By now you might already be able to guess: by training the network to be easily certifiable. Basically, now during training, we don't tell the model to have low confidence on out-distribution images, we don't tell the model to have low confidence on the adversarially manipulated out-distribution images, we instead tell it to have small upper bounds on the confidence for adversarially manipulated out-distribution images. Because catchy acronyms are as important in deep learning as everything else we called this method GOOD (for Guaranteed Out-of-Distribution Detection... don't ask what happened to the second "D").

Now we can guarantee that there simply is no images that is almost identical to the chimp but receives higher than 23% confidence.

The amazing thing is that now it simply doesn't matter if we are good or bad at finding specific images with high confidence in the neighborhood of a given out-distribution image. We can trust that our evaluation is solid because it is mathematically guaranteed to be correct. Of course, it's not all sunshine and rainbows. The training of our GOOD model was always quite tricky to do and you couldn't apply this method to neural networks with too many layers.

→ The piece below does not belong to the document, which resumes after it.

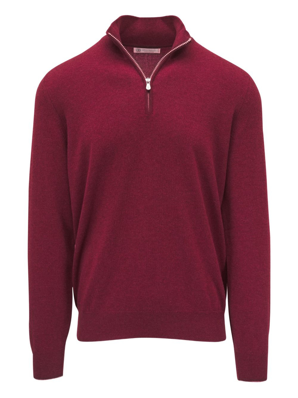 half-zip cashmere sweater Highlights - Blood red - Half zip fastening - Long sleeves - Ribbed cuffs - Ribbed hem Made in Italy Composition Cashmere 100% Washing instructions Read Manufacturer Guidelines

Actually, we managed to fix all these issues in our NeurIPS 2022 paper, but that is a story for another day. If you are super curious, feel free to explore the paper on your own!


Of course, this neat story I told skips a lot more than just the technical details. For example, we discovered some fascinating connections between this work and the interpretability of a neural network's predictions. Also, the question of how a neural network's confidence changes as we go further and further away from our in-distribution examples is more surprising than one might think. If enough people are interested I will probably cover some of these topics as well at some point. Until then, I hope you enjoyed this little glimpse into how one teaches neural networks to know when they don't know.